Lamme and her husband then joined the American-International Charolais Association, or AICA, a registry designed to prove the pureblood pedigree of Charolais cattle.  This required them to send in paperwork and documentation for every animal to the headquarters of the AICA, which at the time was in Houston, Texas, but was later moved to Kansas City, Missouri.  She remembers travelling with her husband to the international meeting in Phoenix, Arizona.  Lamme tells how one year she and her husband were invited by their hosts to dinner at their host’s home in the mountains, “We could look down and see Phoenix, and see all the lights.  This was quite an experience for me.”  She sweeps her arms apart as she speaks, to symbolize the magnitude of the view, and her eyes sparkle as she stares into the distance.

The Lammes also worked to promote the Charolais breed as a whole, and in 1963 they helped found the Missouri Charolais Breeders Association, or MCBA, an organization devoted to the promotion of Charolais cattle.  Lamme laughs as she passes on the wisdom of her husband, “Bill always said it’s easier to sell someone else’s cow.  You can brag on it and it doesn’t sound like you’re the one bragging.”  Mr. Lamme would be elected to the first board of the MCBA, and would later serve as president of the organization.

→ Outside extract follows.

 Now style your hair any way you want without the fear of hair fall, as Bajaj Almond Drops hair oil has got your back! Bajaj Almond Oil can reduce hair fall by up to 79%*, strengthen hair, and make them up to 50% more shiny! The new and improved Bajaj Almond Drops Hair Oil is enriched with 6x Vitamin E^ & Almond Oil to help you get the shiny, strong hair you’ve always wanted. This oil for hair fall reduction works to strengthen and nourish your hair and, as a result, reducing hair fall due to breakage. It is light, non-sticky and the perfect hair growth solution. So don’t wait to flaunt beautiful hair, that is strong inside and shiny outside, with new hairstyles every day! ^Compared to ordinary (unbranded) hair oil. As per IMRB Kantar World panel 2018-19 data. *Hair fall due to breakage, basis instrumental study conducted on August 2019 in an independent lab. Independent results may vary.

When asked about her role in the group Lamme says, “They’d give anybody a job.  One time, they asked me to be in charge of decorations at our Charolais Congress in Kansas City at the Muehlebach Hotel.”  The Charolais Congress was an educational event on the promotion of Charolais, which preceded a “Red Carpet sale,” held in conjunction with the American Royal livestock show.  “For the first time [the Charolais Congress] met, I had these beautiful flowers for the head table, then I would move them to…wherever there would be a meeting.”  Lamme smiles as she reminisces about the splendor of the event, “Then we moved, on a Sunday, to the Red Carpet sale… We used the same flowers all around where the red carpet was and the cattle were brought out on the red carpet to be introduced to the crowd, who would then start buying… Who’d ever heard of going to a cow auction and have flowers there?  But the Charolais people did it up right.”

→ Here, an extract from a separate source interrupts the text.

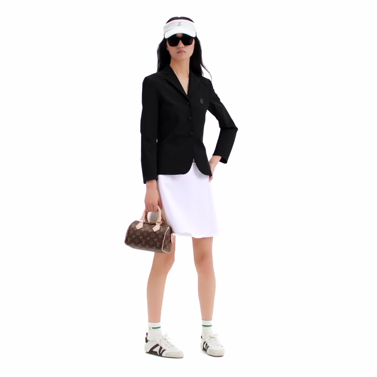 กระโปรงมินิสเกิร์ตผ้าเจอร์ซีย์เทคนิคอลอันเป็นเอกลักษณ์ของเมซง มอบลูกเล่นสไตล์สปอร์ตร่วมสมัยเปี่ยมชีวิตชีวา กระโปรงทรงเอคมชัดโดดเด่นด้วยขอบโค้งแบบป้ายด้านหน้า มาพร้อมกระดุมสแน็ปสีทอง 4 เม็ดบริเวณขอบเอว เพิ่มกลิ่นอายเมทัลลิกคอมพลีตลุคสุดชิคลงตัว

Despite all that, in the mid-1970s the Lammes decided to sell their herd, after Mrs. Lamme began leading tours.  “In 1970, I planned my first tour to Europe.  It was 21 days long and it cost $750… We had enough [people] that we did two tours.”  Mr. Lamme had planned to join her for the first tour, but one of his bulls injured him and he was unable to travel.  The next year, however, was different.  “Bill got to go this time, and he realized what a wonderful trip it was, and I enjoyed it so much more when I could share it with him.”  A fond smile tinged with sadness crosses her lips as she describes travelling with him, “I’ve had a wonderful life, and gone on wonderful trips, but those years when Bill and I went together, those were the best years, looking back on it now.”

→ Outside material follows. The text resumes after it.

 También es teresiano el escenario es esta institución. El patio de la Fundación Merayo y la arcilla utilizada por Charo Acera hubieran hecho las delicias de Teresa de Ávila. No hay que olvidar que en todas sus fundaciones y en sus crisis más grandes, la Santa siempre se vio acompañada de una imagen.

Shortly after those first trips, Mr. Lamme began contacting other ranches, looking to sell his herd.  Lamme sighs wistfully before completing the story of their herd,  “He had been writing this ‘special report,’ as he called it, a list of every Charolais breeder that advertised in any magazine…he knew quite a few people through that, so he talked to somebody up in Canada, and they came down and bought all of [the Charolais].”

Lamme Charolais cattle 1990

The Lammes sold their herd, and after everything they had done to promote Charolais, they were now out of the business.  Mr. and Mrs. Lamme would go on to start the Green Hills Travel Center and would lead tours around the world together until Mr. Lamme’s passing in 1991.  Now, many people have forgotten the history of Lamme Farms, and this story ends where it began, a lonely white statue atop his tower, watching over pastures long void of his kin.